One night, as I lay in my bed listening to the sounds of the street, I heard a man speaking about the blessed call of “grand adventure” and how the retched youth do not value their available mental faculties and physical abilities. Whilst in school, I had only a passing interest in current events. I preferred the ancient mysteries to those of our bland society. I was aware, however, of the strange case of the missing doctor in the deep heart of Africa. This man outside my room was either raving to himself, a rather quiet mate, or perhaps to those of us who were lying in bed, waiting for instructions. Either way, I had a mission for the next morning. With a sense of contentment, I closed my eyes.

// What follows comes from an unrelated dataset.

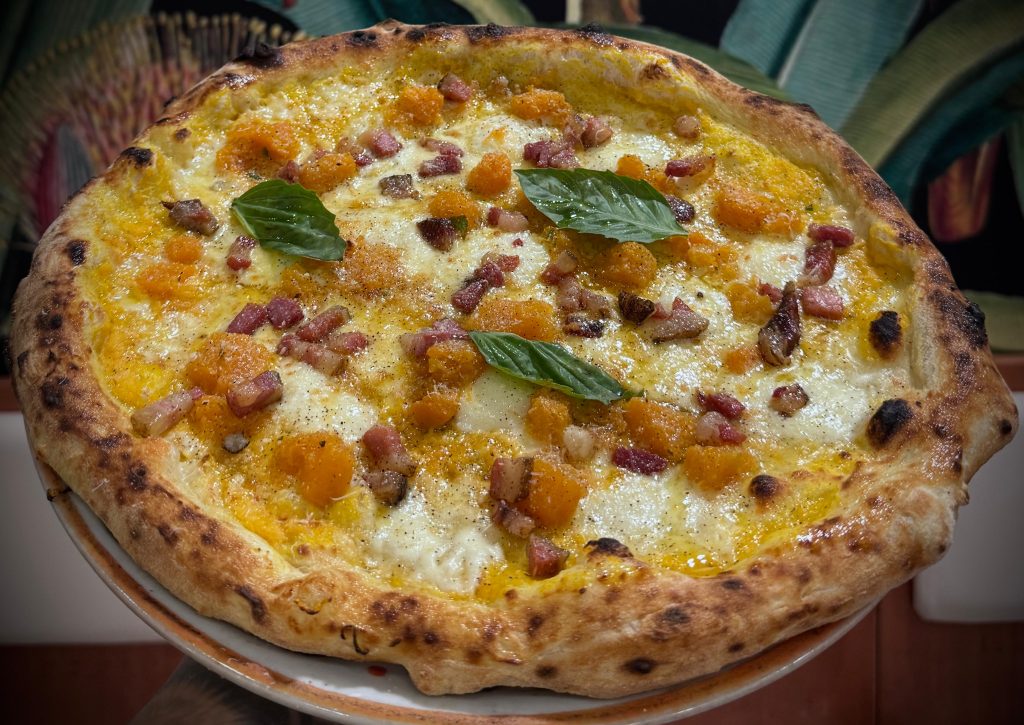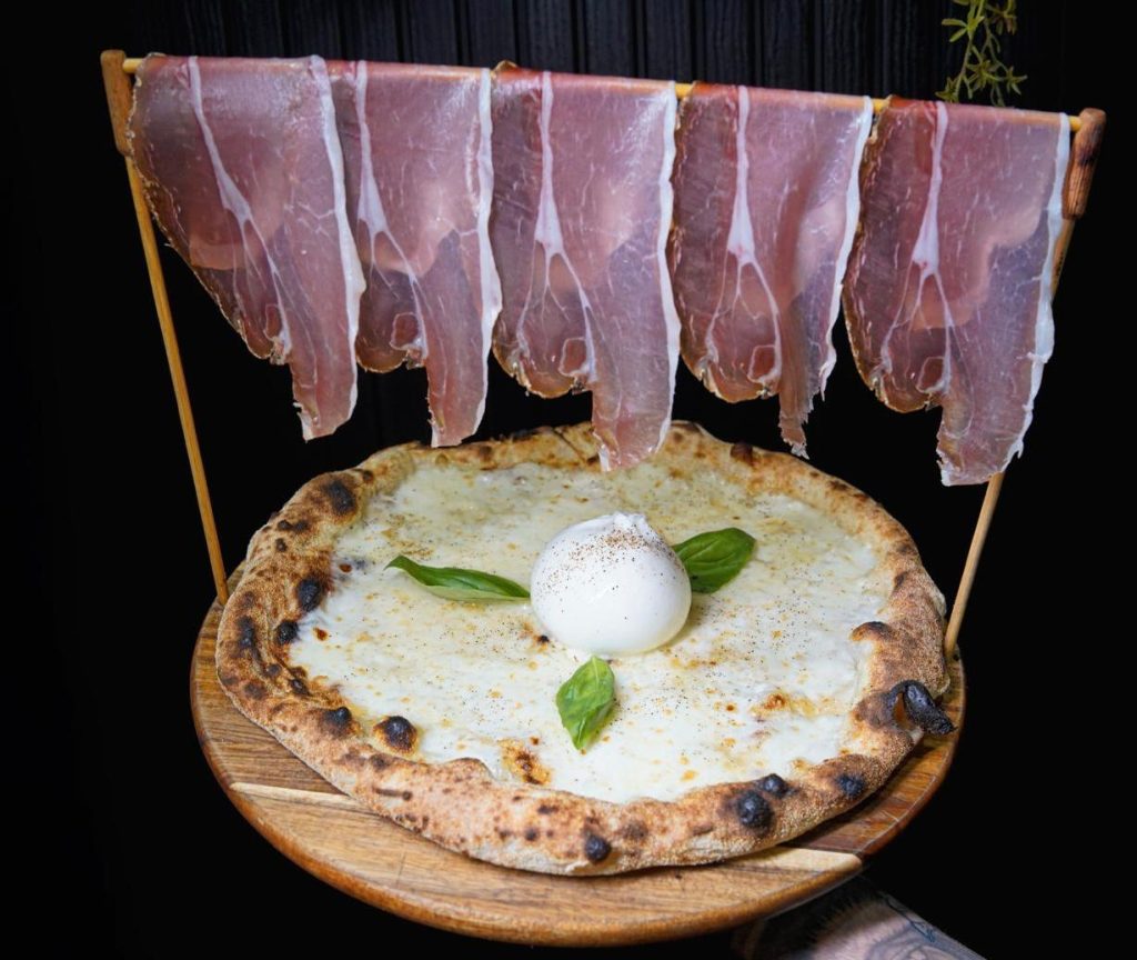 Fiordilatte affumicato di Agerola, pancetta di Zibello, cacioricotta di capra cilentana, pepe nero Wiberg, olio evo, basilico con cornicione ripieno di ricotta di bufala 12

I awoke in a flash with the rising sun. It was winter, yet I woke bathed in a sticky sweat. I made my way to my wash basin and splashed the cold water on my face. As I peered into the bowl, I noticed that my reflection appeared somewhat distorted, but in not such a noticeable way that I could not simply attribute this distortion to the odd tricks of the light water can play. I cleaned myself, yet I neglected to shave out of an acute fear of the blade. I had a difficult time understanding why I had this sudden aversion to the razor I had used every day since I had been old enough to grow hair on my chin. I know now it was not out of fear of the blade, but out of fear of what the blade can be used for. Quickly I pulled on my trousers and shirtsleeves and headed down to morning tea with the landlady.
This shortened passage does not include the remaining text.